RECORDED INFORMATION →
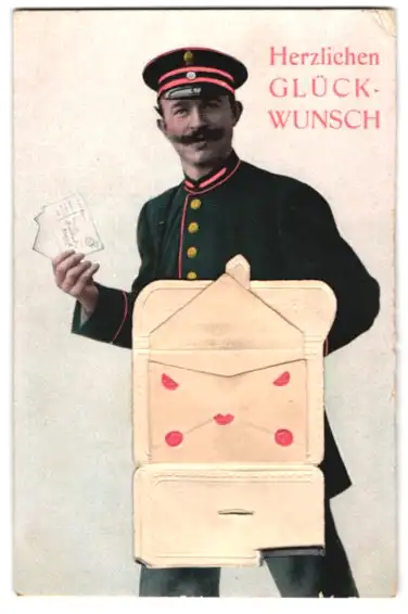 Leporello-AK Postbote mit Brief mit Geldschein, Herzlichen Glückwunsch
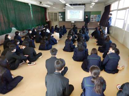多目的教室で「修学旅行」の説明・連絡を行っています。
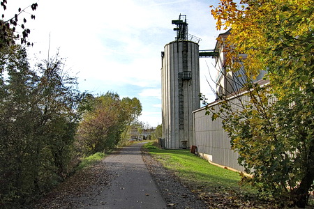 Der Radweg führt an den riesigen Silos eines Lagerhauses vorbei und wieder über eine Straße.
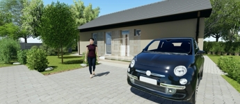 Az ár tartalmazza: kerítés motoros kapuval, térköves bejáró, 2 autós beálló/ház.

GOAL OF THE EXERCISE → Copy all the material exactly; omit images.

EXERCISE RESULT →
 Leporello-AK Postbote mit Brief mit Geldschein, Herzlichen Glückwunsch
多目的教室で「修学旅行」の説明・連絡を行っています。
 Der Radweg führt an den riesigen Silos eines Lagerhauses vorbei und wieder über eine Straße.
 Az ár tartalmazza: kerítés motoros kapuval, térköves bejáró, 2 autós beálló/ház.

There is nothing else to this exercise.